El salón de huéspedes es una habitación espaciosa con paneles de madera y vista al huerto. En la mesa, los sirvientes han dispuesto platos de áspic, pasteles rellenos de cordero picado y confituras con especias. Una criada tiene la labor de servir la malvasía y la cerveza, que están dispuestas en jarras de peltre. Algunos de los médicos desean fumar, por lo que se hace traer un cenicero mientras sacan sus pipas de arcilla y las rellenan con nicociana.
—Lady Katherine es sin duda una mujer única, sir Fulke —dice Baronsdale mientras señala la mesa abarrotada de viandas, sin mirarla.
—En Proverbios dice que una buena esposa es como un barco mercante: trae su alimento de muy lejos —dice Vaesy con una sonrisa débil.
Katherine le responde con la mirada: “En ese caso, esposo, que te hundas en el arrecife más afilado y te ahogues en las profundidades más hondas, donde los gusanos que se arrastran en el lodo puedan darse un banquete con tus huesos”. Lo que dice en realidad es apenas menos provocador.
—Entonces, señor Baronsdale, ¿cuánto tiempo más debemos esperar para que a una “mujer única” se le permita practicar la medicina?

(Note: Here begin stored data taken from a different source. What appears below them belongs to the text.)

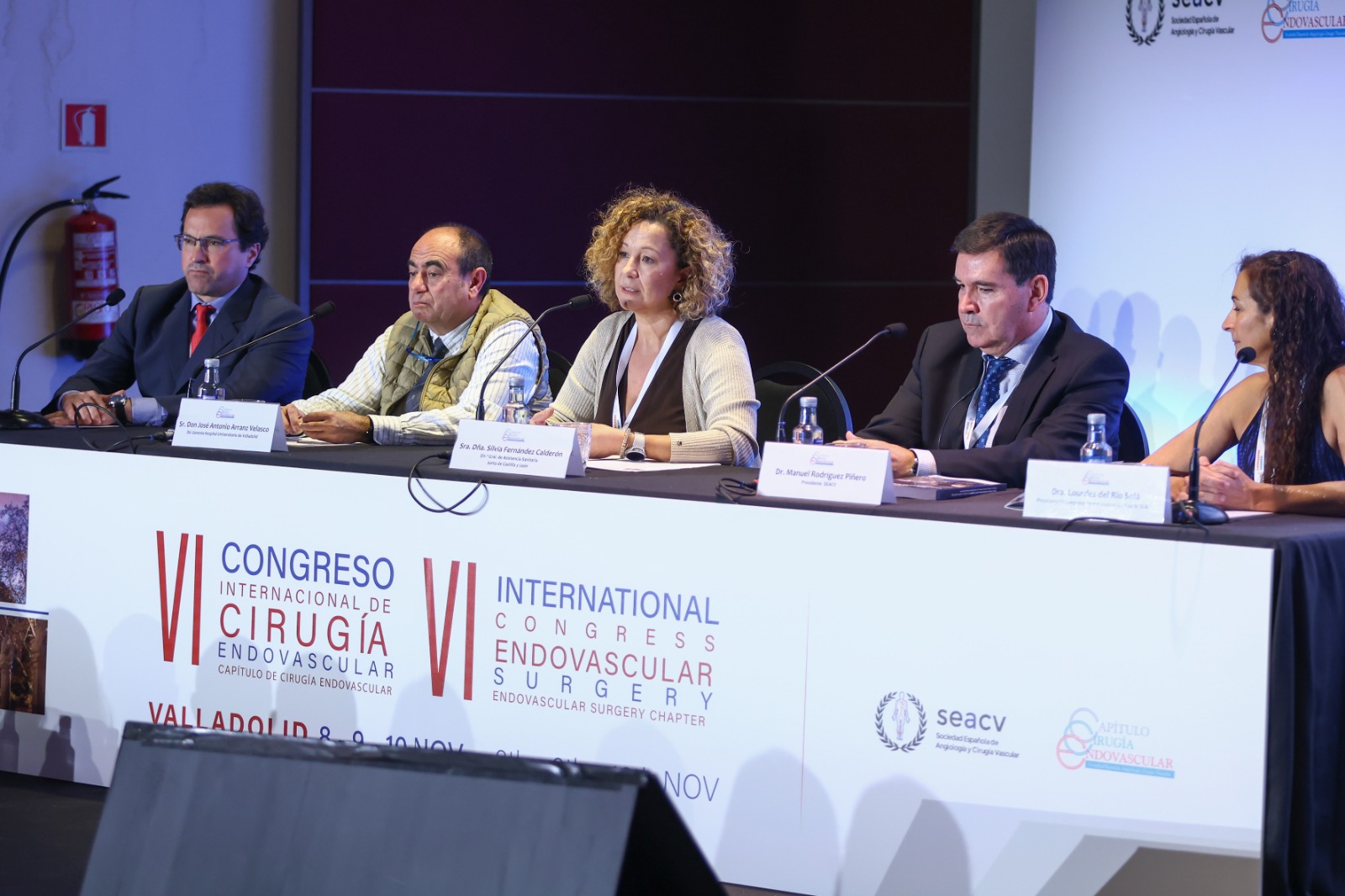 En la inauguración han participado la Dra. Silvia Fernández Calderón, Directora General de Asistencia Sanitaria de la Junta de Castilla y León; el Dr. José Antonio Arranz Velasco, Director Gerente del Hospital Universitario de Valladolid; el Dr. Rodríguez Morata, presidente del Capítulo de Cirugía Endovascular (CCEV); el Dr. Rodríguez Piñero, presidente de la Sociedad Española de Angiología y Cirugía Vascular (SEACV) y la Dra. Lourdes del Río Solá, secretaria del CCEV.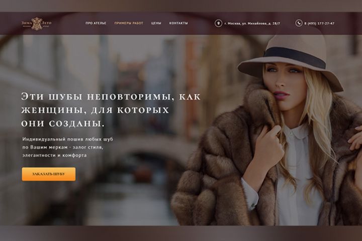Landing Page для услуги пошива шуб по индивидуальным меркам. Стильный дизайн страницы создает ощущение элегантности и роскоши, которое подчеркивает эксклюзивность предлагаемой услуги.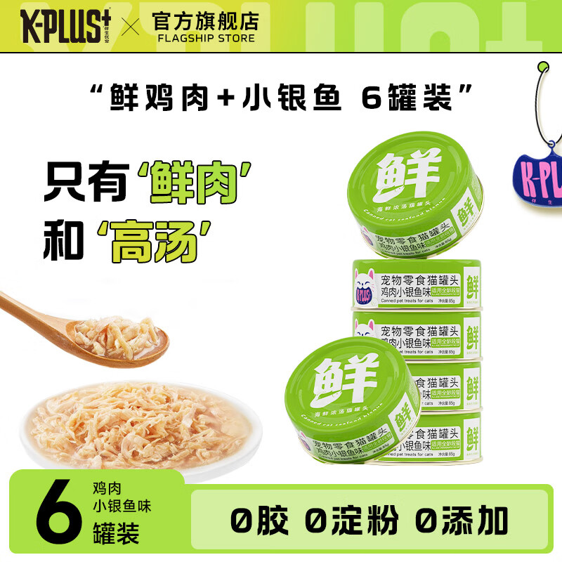 K-PLUS 猫罐头主食湿粮罐头猫咪零食 鲜肉浓汤补水鸡肉整箱 小银鱼 鸡肉味6罐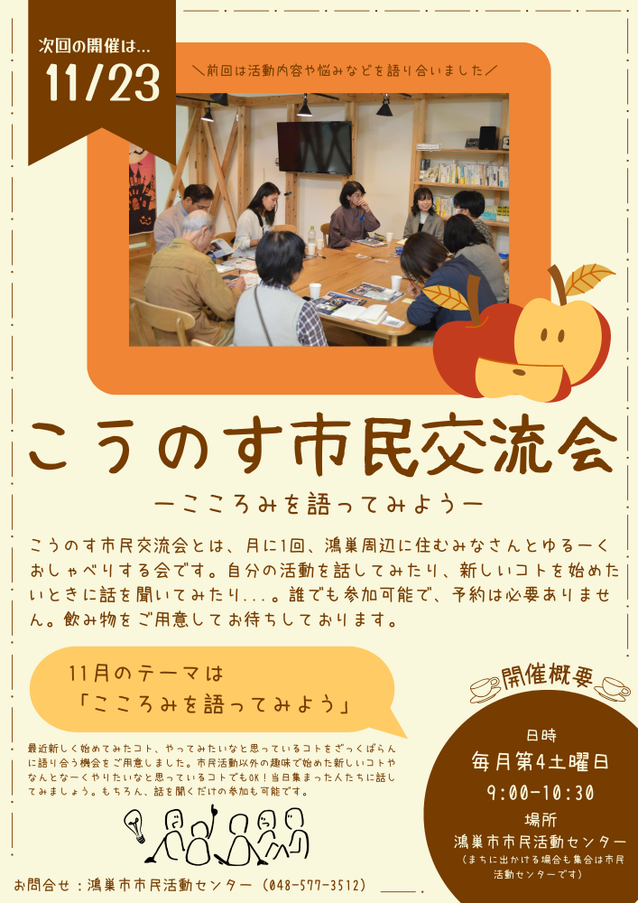 10月のテーマは「知ってもらおうあなたの活動」でした。 こうのす市民交流会が10月からリスタートということで、 今まで来れなかったけど、勇気を出して行ってみよう!と初めての方も 多くいらっしゃいました♪ ご自身の活動についてチラシを用いて語ったり、 イベントの周知の仕方やメンバー募集、つながり作りについて 意見交換して活動のブラッシュアップに繋がった方もいらっしゃるようでした👀 次回は11月23日に開催です。 ぜひご参加ください✨

La expresión de Baronsdale es el retrato vivo del desconcierto. Bien pudo haberle preguntado cuándo esperaba que el Colegio le diera licencia de ejercer medicina a un mono o a una de las extrañas bestias que habitan en la casa de fieras de la torre de Londres. Su marido parece igual de desconcertado. La ira se enciende en sus ojos.